▶ **What this task involves**: Please restate word for word the lines of the entries below from the one with "此游戏为休闲射击类游戏,游戏" to the one with "James Henry’s equipment", inclusive, and leave out every picture.

§

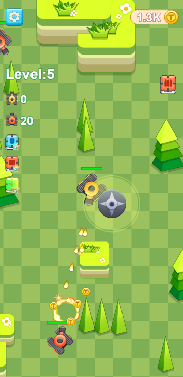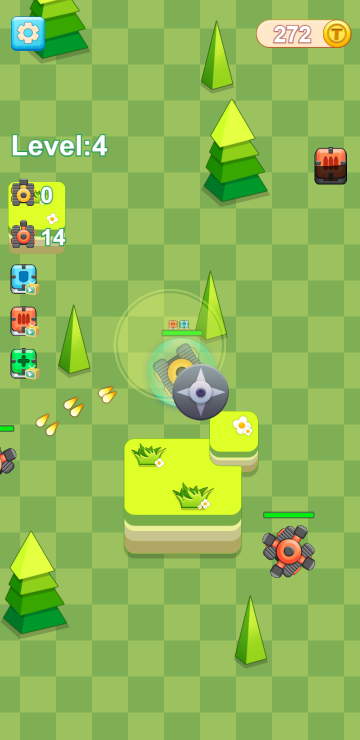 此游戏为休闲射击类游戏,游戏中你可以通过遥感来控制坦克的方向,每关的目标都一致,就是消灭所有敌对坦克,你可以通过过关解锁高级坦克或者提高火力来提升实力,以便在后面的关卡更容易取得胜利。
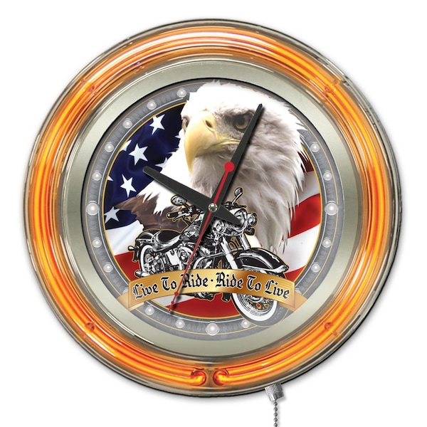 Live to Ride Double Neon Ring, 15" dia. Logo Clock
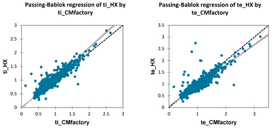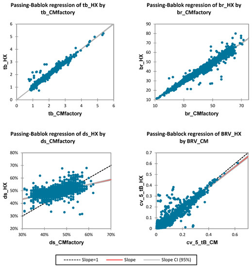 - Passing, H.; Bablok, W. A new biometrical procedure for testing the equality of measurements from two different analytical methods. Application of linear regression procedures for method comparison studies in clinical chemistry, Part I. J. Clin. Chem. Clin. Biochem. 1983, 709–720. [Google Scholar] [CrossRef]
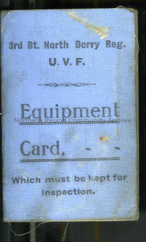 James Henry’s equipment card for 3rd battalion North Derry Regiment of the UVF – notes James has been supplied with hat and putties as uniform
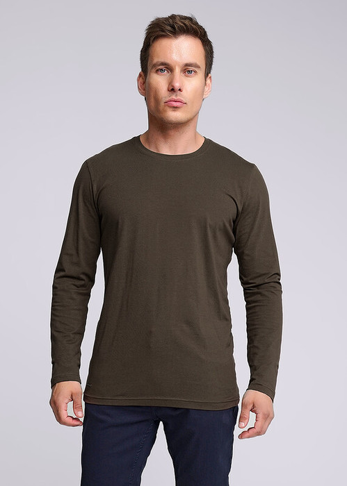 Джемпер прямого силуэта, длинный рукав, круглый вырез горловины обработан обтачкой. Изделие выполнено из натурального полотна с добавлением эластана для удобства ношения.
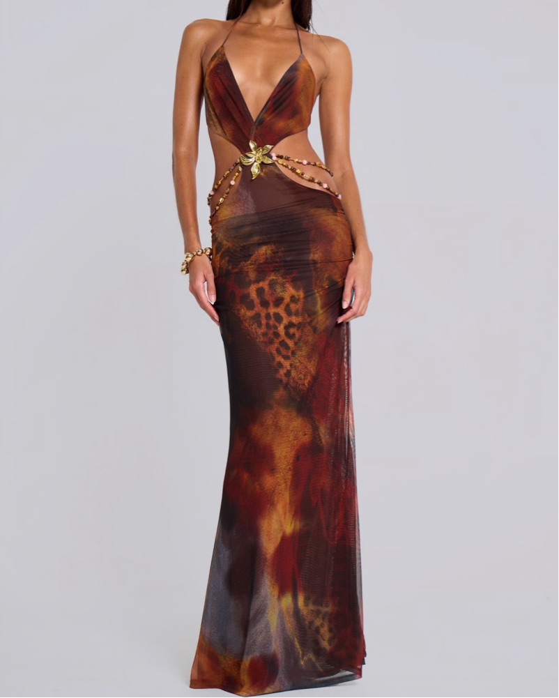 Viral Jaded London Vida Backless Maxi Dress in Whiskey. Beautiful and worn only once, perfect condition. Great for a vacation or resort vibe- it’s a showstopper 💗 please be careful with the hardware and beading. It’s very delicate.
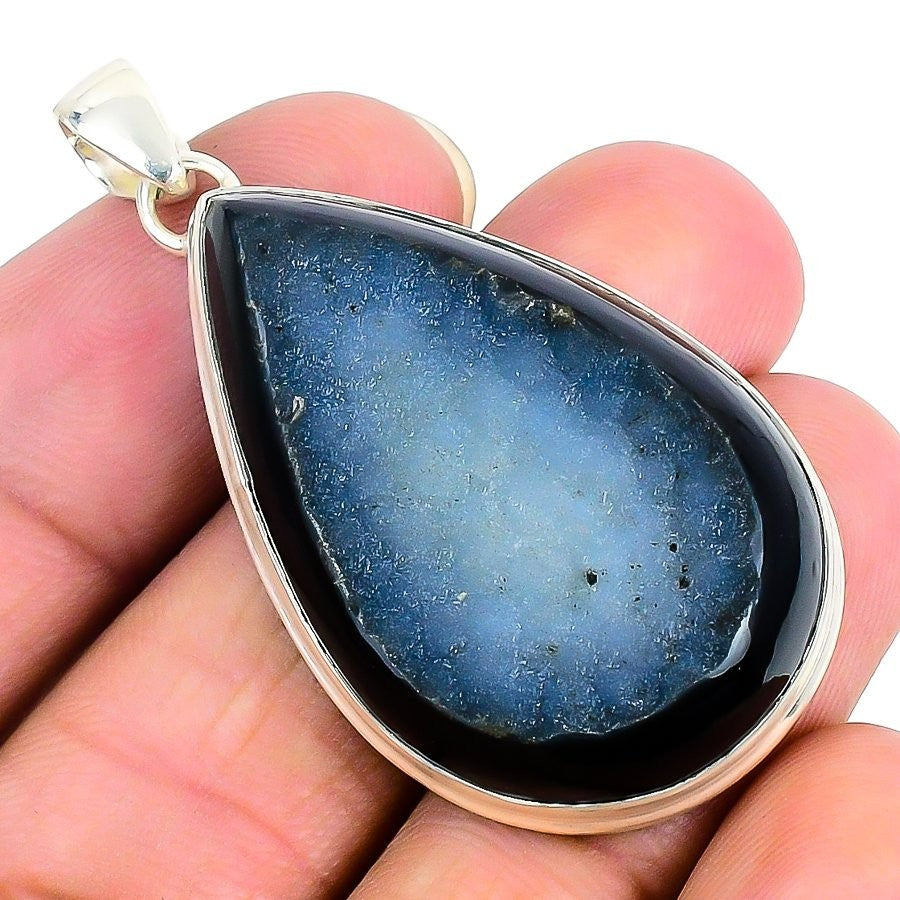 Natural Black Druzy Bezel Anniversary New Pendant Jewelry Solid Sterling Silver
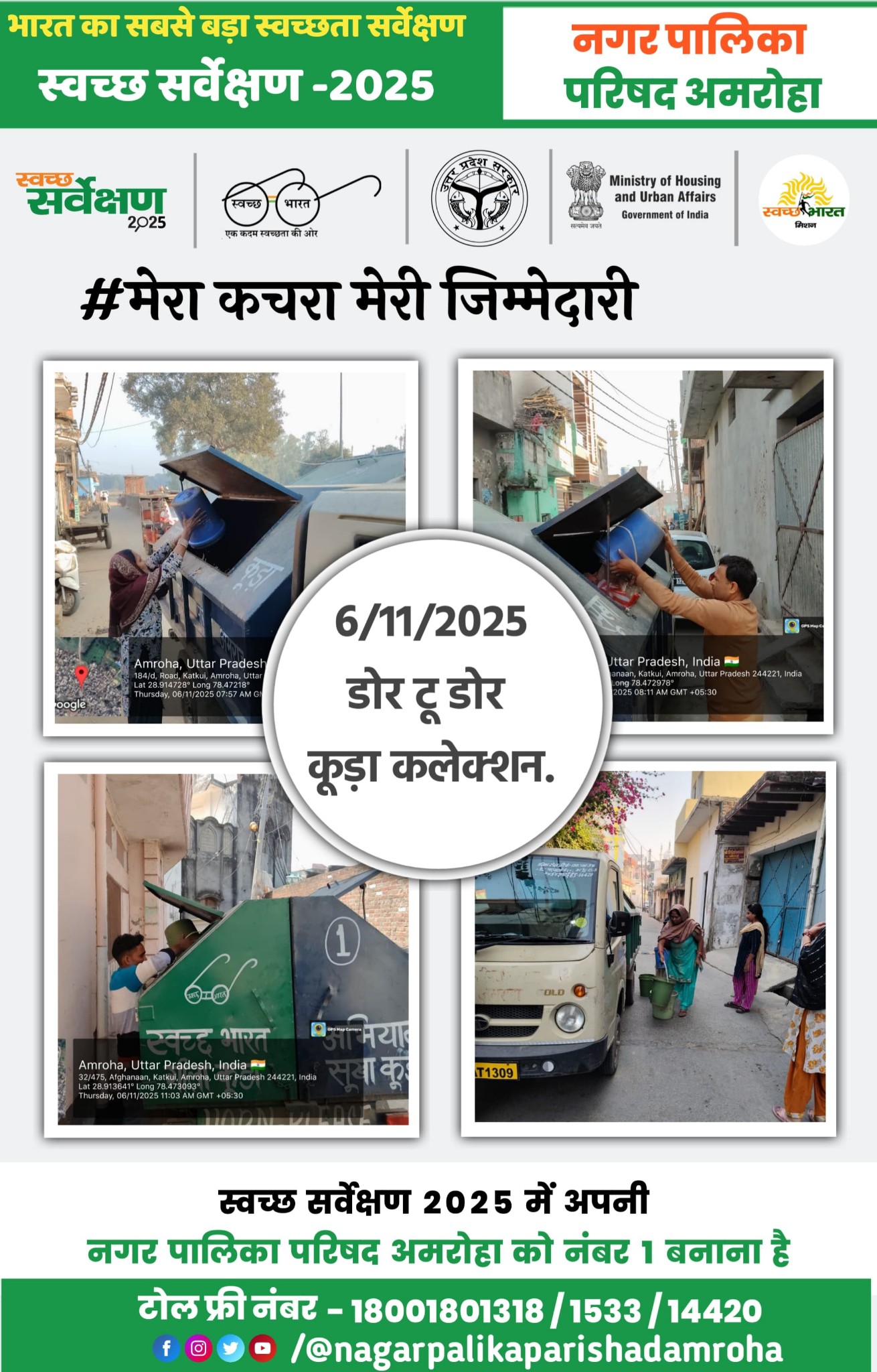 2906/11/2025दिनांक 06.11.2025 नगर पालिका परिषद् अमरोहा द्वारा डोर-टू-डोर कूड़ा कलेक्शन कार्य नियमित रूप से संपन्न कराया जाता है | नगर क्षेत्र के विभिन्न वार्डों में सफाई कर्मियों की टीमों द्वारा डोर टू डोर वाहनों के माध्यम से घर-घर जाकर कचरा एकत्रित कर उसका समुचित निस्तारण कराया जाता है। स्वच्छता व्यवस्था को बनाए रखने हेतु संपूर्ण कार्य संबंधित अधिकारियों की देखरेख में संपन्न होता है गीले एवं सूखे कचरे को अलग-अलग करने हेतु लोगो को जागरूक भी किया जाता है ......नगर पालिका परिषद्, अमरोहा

§

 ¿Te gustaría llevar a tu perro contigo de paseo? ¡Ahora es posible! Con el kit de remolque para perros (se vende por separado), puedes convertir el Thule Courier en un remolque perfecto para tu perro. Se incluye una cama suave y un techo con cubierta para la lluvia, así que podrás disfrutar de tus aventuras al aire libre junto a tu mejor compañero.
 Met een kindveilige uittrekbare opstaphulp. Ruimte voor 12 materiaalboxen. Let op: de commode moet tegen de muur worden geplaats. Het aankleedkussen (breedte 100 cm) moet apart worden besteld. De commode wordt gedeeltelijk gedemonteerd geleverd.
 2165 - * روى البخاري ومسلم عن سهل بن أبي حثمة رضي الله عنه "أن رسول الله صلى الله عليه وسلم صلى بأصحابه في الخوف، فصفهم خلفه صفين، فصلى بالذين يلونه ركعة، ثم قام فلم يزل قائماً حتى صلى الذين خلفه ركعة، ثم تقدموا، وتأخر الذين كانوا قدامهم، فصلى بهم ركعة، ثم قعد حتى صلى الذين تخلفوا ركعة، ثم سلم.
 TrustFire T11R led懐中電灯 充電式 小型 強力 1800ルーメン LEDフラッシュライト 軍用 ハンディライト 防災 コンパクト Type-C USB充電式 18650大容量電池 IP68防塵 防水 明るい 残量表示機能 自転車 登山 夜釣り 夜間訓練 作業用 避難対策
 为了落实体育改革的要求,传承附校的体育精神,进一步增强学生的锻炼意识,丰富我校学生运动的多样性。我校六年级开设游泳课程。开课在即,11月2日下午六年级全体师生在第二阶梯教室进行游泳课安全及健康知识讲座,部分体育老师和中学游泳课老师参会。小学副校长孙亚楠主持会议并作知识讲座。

§

▶ **Result of the exercise**:
 此游戏为休闲射击类游戏,游戏中你可以通过遥感来控制坦克的方向,每关的目标都一致,就是消灭所有敌对坦克,你可以通过过关解锁高级坦克或者提高火力来提升实力,以便在后面的关卡更容易取得胜利。
 Live to Ride Double Neon Ring, 15" dia. Logo Clock
 - Passing, H.; Bablok, W. A new biometrical procedure for testing the equality of measurements from two different analytical methods. Application of linear regression procedures for method comparison studies in clinical chemistry, Part I. J. Clin. Chem. Clin. Biochem. 1983, 709–720. [Google Scholar] [CrossRef]
 James Henry’s equipment card for 3rd battalion North Derry Regiment of the UVF – notes James has been supplied with hat and putties as uniform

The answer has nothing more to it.